For more information about determining available file system space, see ZFS Disk Space Accounting.
FREE
The amount of unallocated space in the pool.
CAP (CAPACITY)
The amount of disk space used, expressed as a percentage of the total disk space.
HEALTH
The current health status of the pool.
For more information about pool health, see Determining the Health Status of ZFS Storage Pools.
ALTROOT
The alternate root of the pool, if one exists.
For more information about alternate root pools, see Using ZFS Alternate Root Pools.
You can also gather statistics for a specific pool by specifying the pool name.
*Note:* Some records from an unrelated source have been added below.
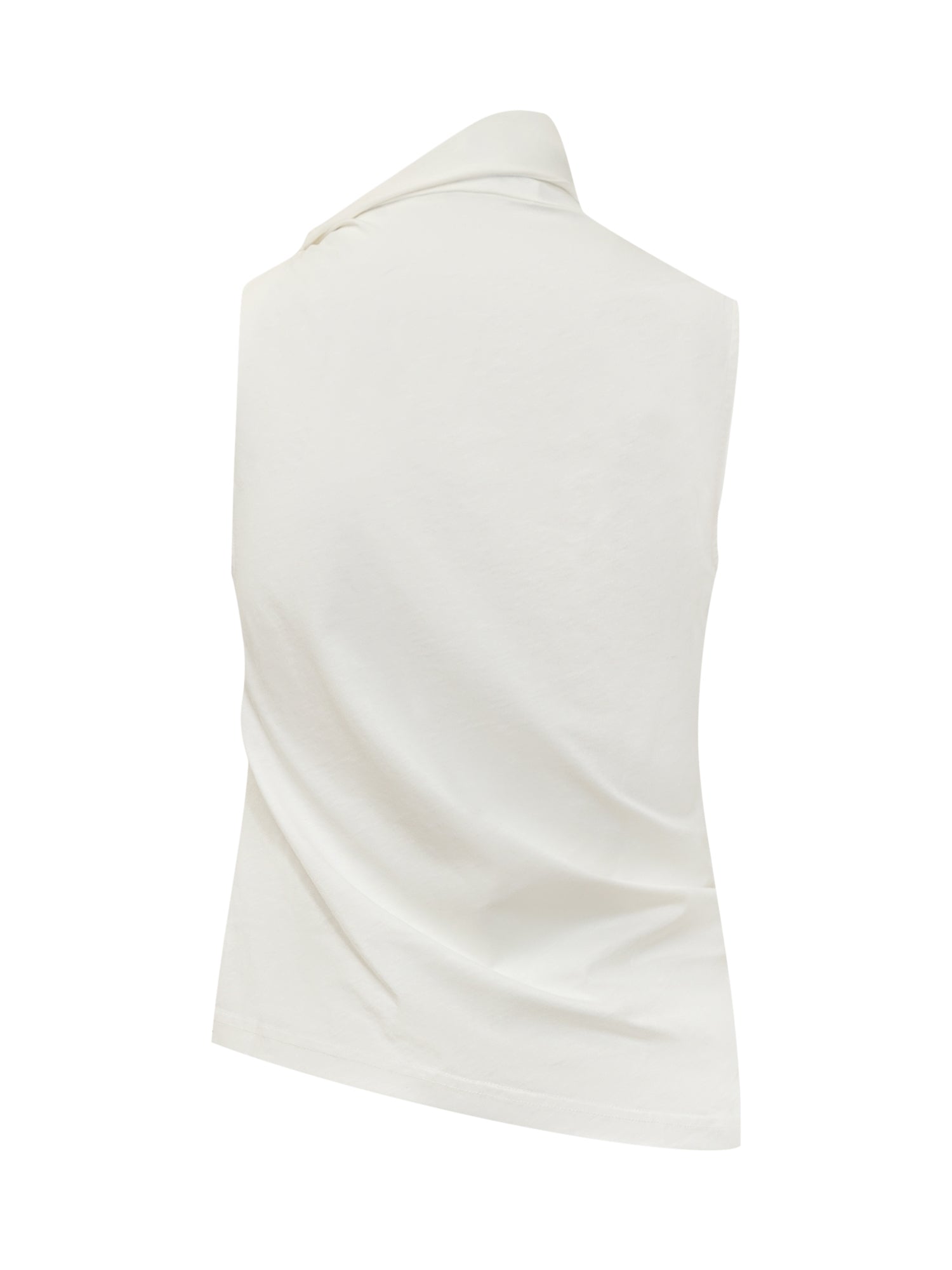 High collar. Sleeveless.
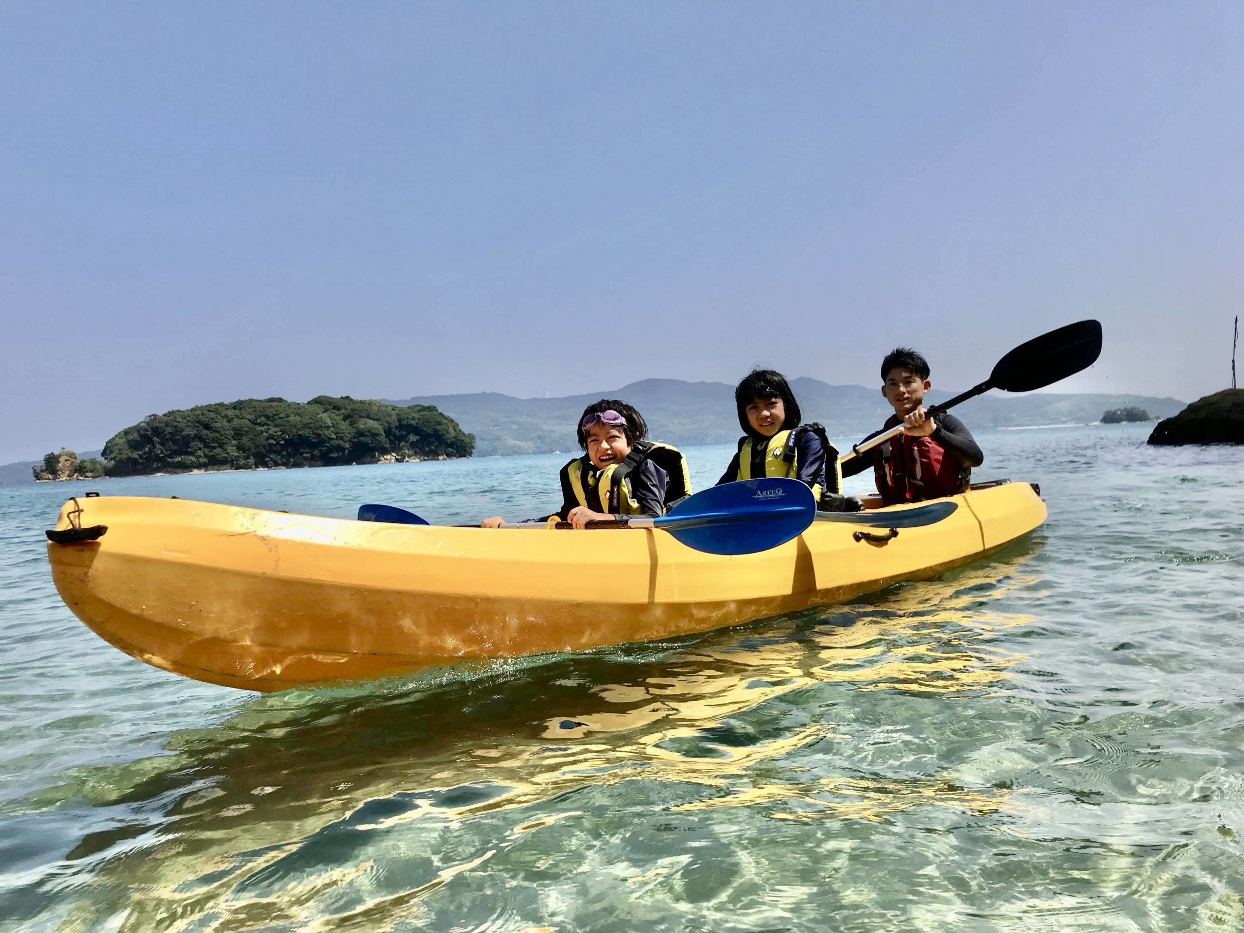 シーカヤックとは、海の上をスイスイこげるボートの様なもの。慣れれば、泳ぐより早く海の上を移動することができ、とっても氣持ちが良いです。海面すれすれを移動するため、海との距離も近く、体験したことがない子にとったら、特別素晴らしい体験になると思います。
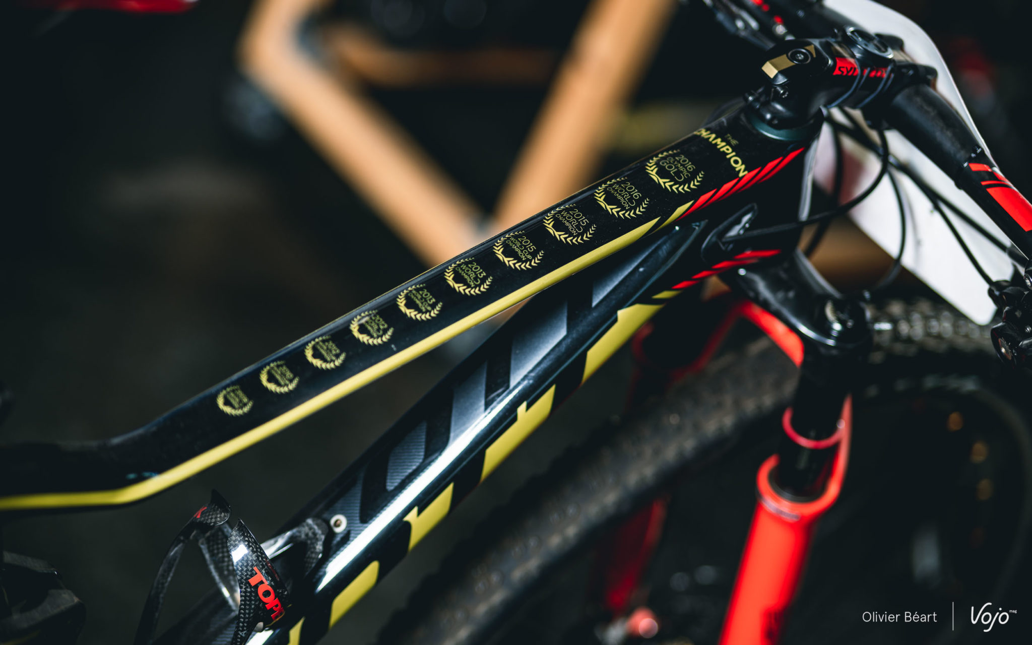 On fait ensuite un petit saut dans le temps pour voguer jusque 2009 avec un Scott Scale très spécial, comme le détaille Yanick : « 2009, c’est à la fois l’année du premier titre de champion du monde Elite de Nino et aussi celle de la dernière coupe du monde de Frischi. Le Scale de Nino est au musée Scott à Givisiez, et ici c’est celui de Thomas. Pour moi c’est la transition que ces vélos représentent qui est importante. Et, à mon niveau, ce sont aussi les années où j’ai commencé à travailler plus régulièrement pour le team. Cela s’est fait progressivement, j’ai d’abord eu l’opportunité de faire un remplacement d’un mécano malade grâce à un ami qui m’a mis en contact avec Frischi, puis le courant est bien passé et il m’a rappelé de plus en plus souvent. J’étais encore tout jeune et je n’avais pas encore terminé ma formation, mais il m’a mis le pied à l’étrier. »
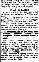 Meanwhile off the pitch rumours abound that the management committee could be replaced by former Villa player Andy Ducat as manager, however former manager / secretary Billy Smith categorically denies that Villa have even considered appointing another manager following the chastening experience under Jimmy McMullan.
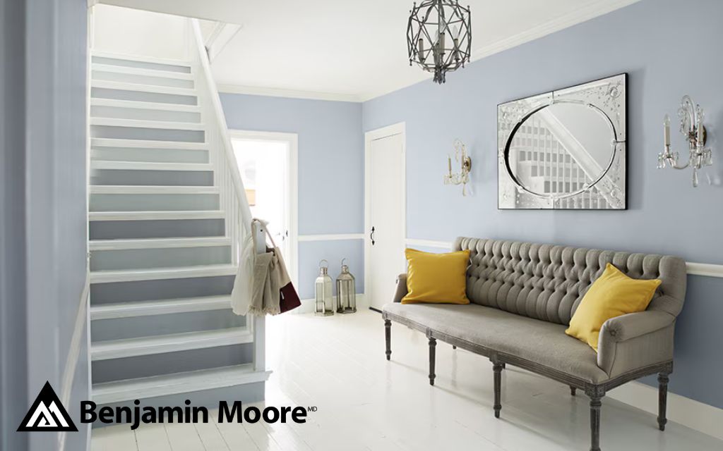 Pour un effet plus dynamique, alternez deux couleurs sur les contremarches. Par exemple, reprenez une couleur déjà présente dans le décor, tel que teinte Gris Plume 2127-60 du mur du couloir sur l’escalier, et alterner avec Poussière d’Étain 2127-50, un bleu-gris subtil. Terminer l’harmonie sur les moulures et les pas en les recouvrant de Blanc Neige OC-66, un blanc froid.
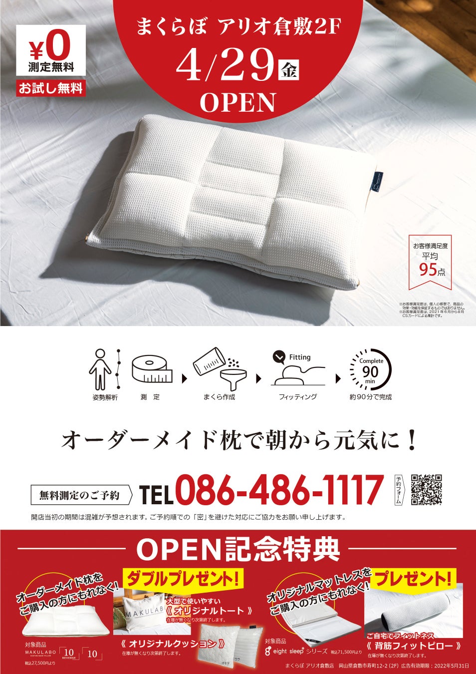 オープン記念として「まくらぼ アリオ倉敷店」にて、当日その場でオーダーメイド枕をご購入の方に
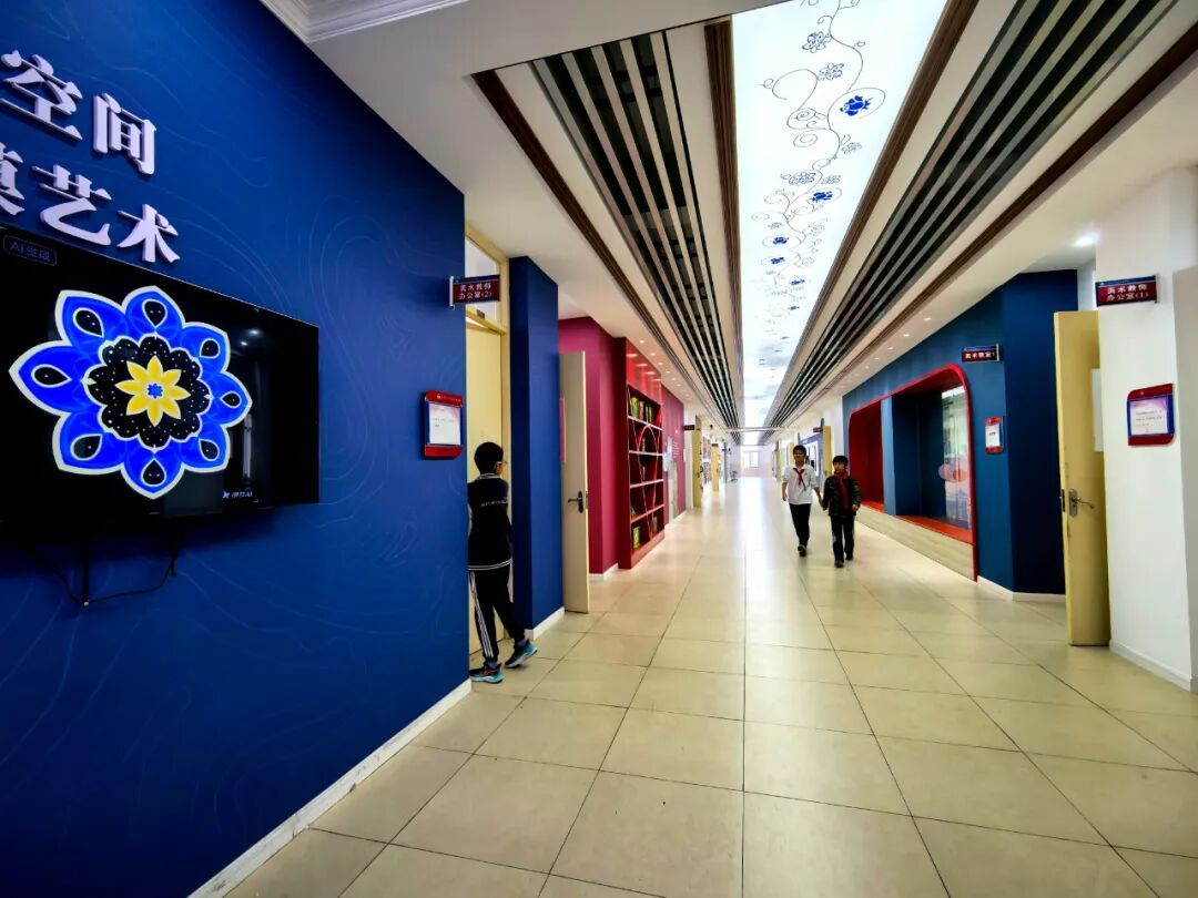 在东华附校,校园空间大变身的例子随处可见。这学期,师生联合策划的藻井纹样作品展在教学楼廊道上的艺术空间上线。学生才华展示有了舞台的同时,也为“下课去哪玩”提供了选择。

For example:

# zpool list tank
NAME                    SIZE    ALLOC   FREE    CAP   HEALTH     ALTROOT
tank                   80.0G    22.3G   47.7G    28%  ONLINE     -

Listing Specific Storage Pool Statistics

Specific statistics can be requested by using the -o option. This option provides custom reports or a quick way to list pertinent information. For example, to list only the name and size of each pool, you use the following syntax:

# zpool list -o name,size
NAME                    SIZE
tank                   80.0G
dozer                   1.2T
The column names correspond to the properties that are listed in Listing Information About All Storage Pools or a Specific Pool.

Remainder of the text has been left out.